Problem description.
Would you transcribe the records below from the line with "在工信部域名信息备案管理系统" to the line with "Более 80 разновидностей", ends included, exactly and with nothing more, leaving the pictures out?

Extracted data.
************
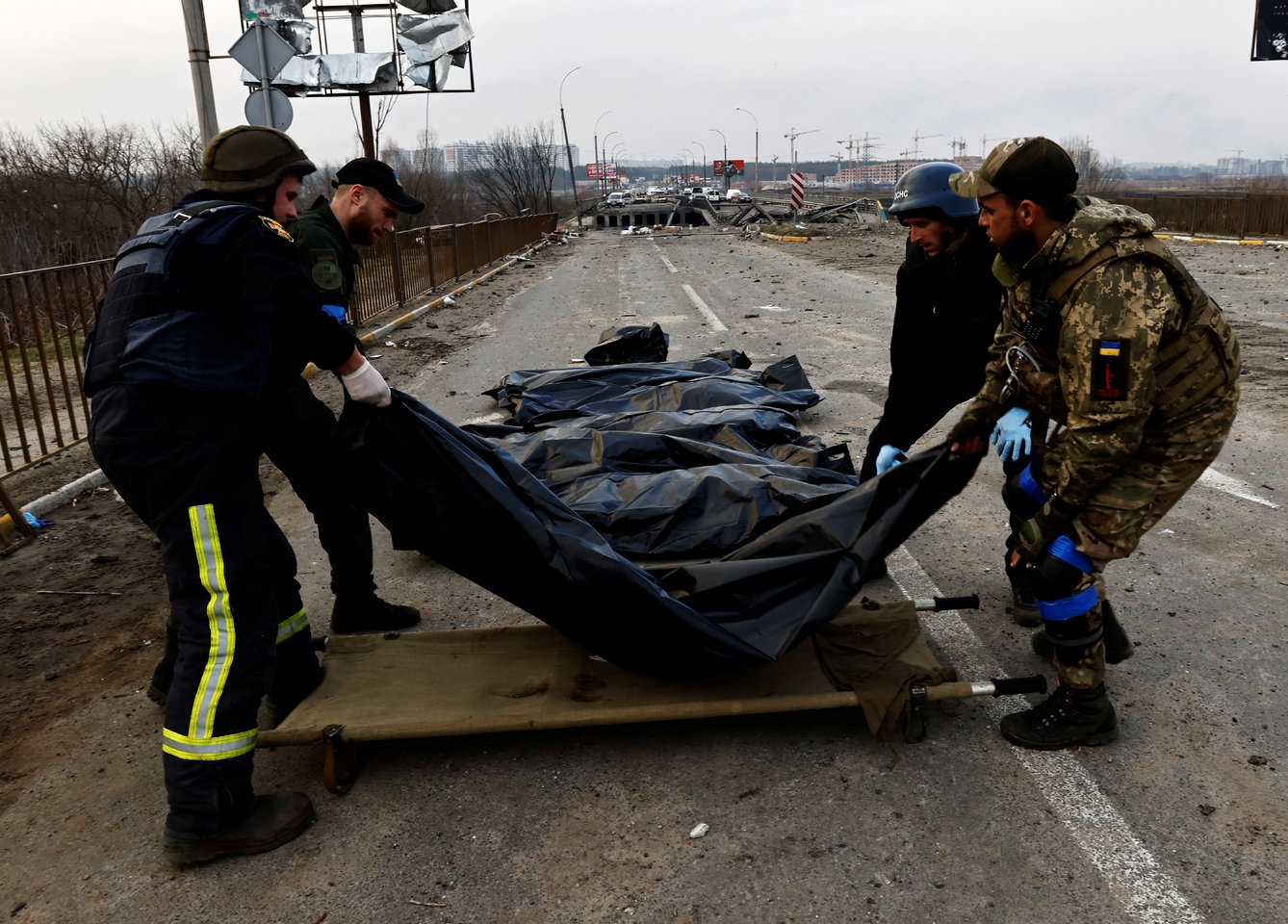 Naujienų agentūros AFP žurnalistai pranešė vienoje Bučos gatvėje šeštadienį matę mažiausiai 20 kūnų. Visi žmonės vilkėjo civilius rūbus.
************
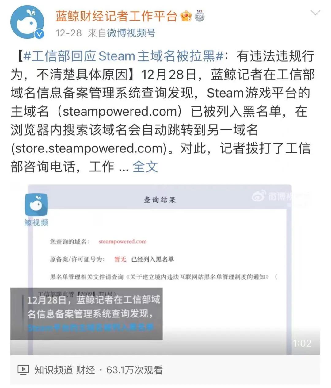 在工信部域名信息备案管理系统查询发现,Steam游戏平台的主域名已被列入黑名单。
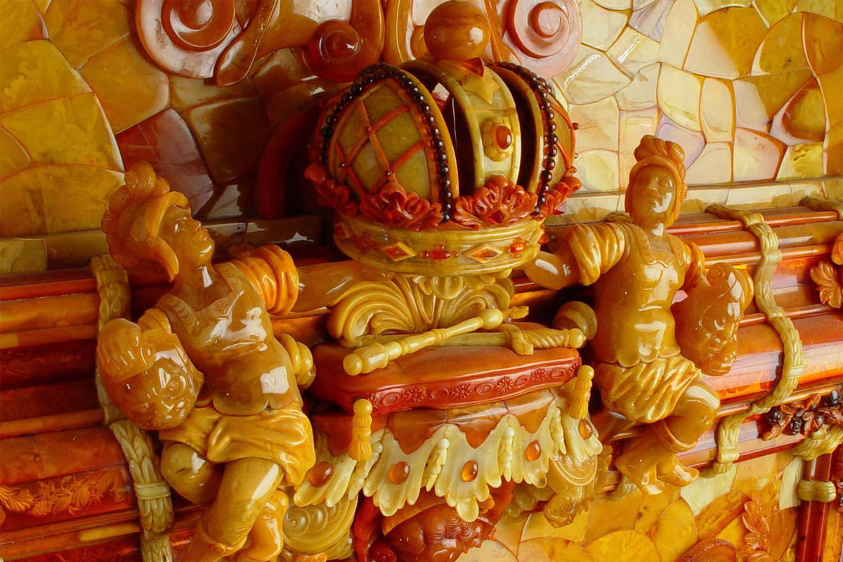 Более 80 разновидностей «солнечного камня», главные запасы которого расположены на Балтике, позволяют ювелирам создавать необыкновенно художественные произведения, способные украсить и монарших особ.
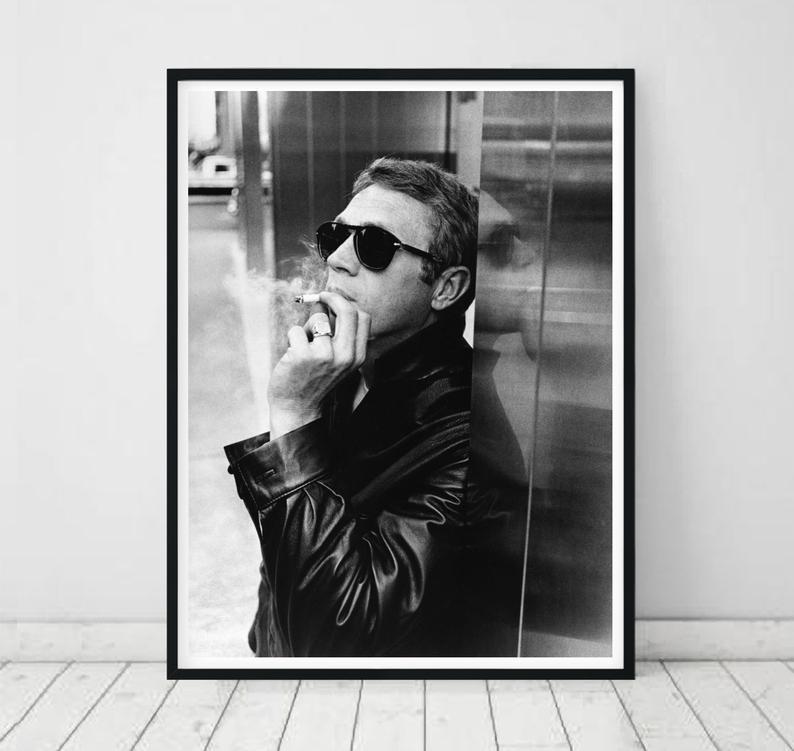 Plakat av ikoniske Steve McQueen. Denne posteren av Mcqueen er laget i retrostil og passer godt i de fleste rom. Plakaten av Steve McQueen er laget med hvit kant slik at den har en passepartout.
************
Written answer.
 在工信部域名信息备案管理系统查询发现,Steam游戏平台的主域名已被列入黑名单。
 Более 80 разновидностей «солнечного камня», главные запасы которого расположены на Балтике, позволяют ювелирам создавать необыкновенно художественные произведения, способные украсить и монарших особ.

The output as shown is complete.